The return of my Lyme symptoms was an unwelcome realization. It came on one morning, just as my original Lyme symptoms had, when I woke up and could not bend my left knee. This was how it happened when I first had Lyme but it was a long time before I knew that what was wrong with me was Lyme Disease. What I knew about the disease back in 2001 was virtually nil (I thought it caused achy joints and that it was more like a flu that would eventually go away). Since that time, I have written about Lyme on several occasions and my research and personal interest in the disease has practically earned me a doctorate in the disease. Files stretch the length of my attic. Simultaneously, public awareness has been raised with films such as “Under Our Skin,” (http://www.underourskin.com/) which I highly recommend if you want a crash course in what happens in some of the more severe cases of Lyme. Mine was one of the more severe cases but it was aggravated by my own ignorance (there are sound reasons why the public is largely unaware of the gravity of this disease. Don’t go on the internet, which I did, if you want a clear picture. There is a host of disinformation posted there and it all results in a mind scramble). This confusion was coupled by my physical weakness and a lack of health insurance. So I went it alone. But since, I’ve learned a lot, written an article for Yankee on the subject (posted on my website), and have been symptom free for probably four years now. Until a couple of months ago. This time, I knew what the unbending knee was telling me. Along with it came the telltale symptoms of extreme fatigue and painful body aches. My intake of Advil escalated. These symptoms were nothing like my full-blown Lyme experience but it was surely the ghost of a dread past.

At its core, Lyme is an immune system disease and I have known for some time that keeping my immune system in balance was essential. But this past summer and fall, I’d been on the road a lot, doing talks and readings from my new book. It’s been an exciting time but I’ve lost a lot of sleep as I return home past midnight and rise before 5 to take care of what hasn’t been taken care of in my absence. Eating on the road is usually touch and go but, if prolonged, it is ultimately, a disaster. So it was a train wreck of circumstances. I could have predicted this if I’d thought about it. The pain was not limited to my knee but my back and my legs were so inflamed that, at times, I could barely walk. Sitting was my only option.

My sister happened to be visiting in September. She is an extreme athlete and had been telling me for some time about her new gluten-free diet. Because of all her intense physical exercise, she constantly experiences pain. She told me that eliminating wheat from her diet had remarkably eased her symptoms. My situation with my health insurance had not improved at all. In fact, my premium had been raised from about $700 a month to $900 a month – that is with a $5,000 deductible. Who can afford payments like that? Further, paying those premiums allows no possibility of seeking medical help, since, once the premium has been paid, there isn’t any money left to pay the doctor. I don’t want to get into the plight of a free lance writer or the bleak situation of health care in this country.
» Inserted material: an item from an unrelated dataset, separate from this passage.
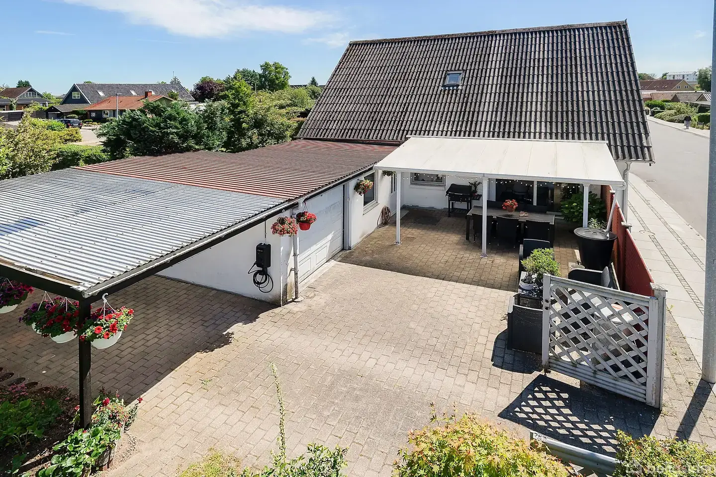 Velkommen til denne villa fra 1932, der byder på et boligareal på hele 153 kvadratmeter. Ejendommen er ideel for dem, der ønsker at sætte deres eget præg på en bolig med mange muligheder. Når du træder ind i huset, mødes du af et praktisk bryggers, renoveret i 2020 og som er udstyret med en vaskesøjle samt rigelig plads til opbevaring. Herfra ledes du videre til det hyggelige køkken, hvor der er indrettet en lille spiseplads – perfekt til de hurtige morgenmåltider eller hyggelige stunder med familien. Fra køkkenet har du direkte adgang til spisestuen, som nyder godt af et fantastisk lysindfald og ligger i forlængelse af den rummelige stue. Stueetagen rummer også en entré, hvorfra der er adgang til et soveværelse samt et badeværelse, der blev renoveret i 2019. På førstesalen finder du en repos, der fører dig videre til to dejlige værelser samt et mindre disponibelt rum og endnu et toilet – ideelt for børnefamilien eller som gæsteværelser. Udendørs kan du nyde den overdækkede terrasse året rundt – perfekt til grillmiddage eller afslapning i skyggen på varme sommerdage. Ejendommen har desuden en større garage, som i dag anvendes til opbevaring, men let kan omdannes efter behov. Derudover findes en carport med plads til bilen samt et skur dedikeret til haveredskaberne. Haven er anlagt med græsplæne og giver mulighed for både leg og afslapning under åben himmel. Beliggenheden er yderst attraktiv med nem adgang til motorvejen samt kort afstand til skole, indkøbsmuligheder og diverse fritidsinteresser – alt sammen inden for rækkevidde uden at gå på kompromis med roen i det hjemlige kvarter.

When I was first diagnosed with Lyme, I eliminated sugar from my diet, which is highly recommended. Then came alcohol. Not a problem. And so, I knew it wouldn’t be so hard to eliminate wheat. I can’t speak for long term results but after two weeks without wheat, I have to say, I feel heaps better. In fact, I am amazed. The results were immediate. In that first week, I happened to come across a recipe in the newspaper for lasagna made with butternut squash. I happened to have a bushel of that, my most favorite squash, sitting on my porch, waiting to be carried down to my root cellar. I set to the task, made a pan of it and enjoyed it for lunch and dinner. My first gluten-free week was a breeze. I have tweaked the recipe a bit and share it with you now. Even if you don’t have Lyme, which I sincerely hope you do not, try it. I think you’ll like it.

Butternut Squash and Kale Lasagna

1 large butternut squash, peeled
1 bunch kale
1 large onion
3 cloves garlic
2 tablespoons olive oil
Salt and pepper
2 cups diced tomatoes
1 teaspoon oregano or sage
1 8-ounce container of part-skim ricotta cheese
1 cup grated Gruyere, mozzarella, or fontina cheese

Preheat oven to 350.
Peel the squash, cut it lengthwise, and then scoop out the seeds. Place the halves face-down and cut lengthwise into ¼-inch thick slices. Make sure the slices are thin enough. Remove and discard the stems from one bunch of kale. Chop the leaves into small pieces.

Dice the onion and mince the garlic. Saute in the olive oil until soft. Add the kale and cook, covered, for 5 or more minutes. Add salt and pepper.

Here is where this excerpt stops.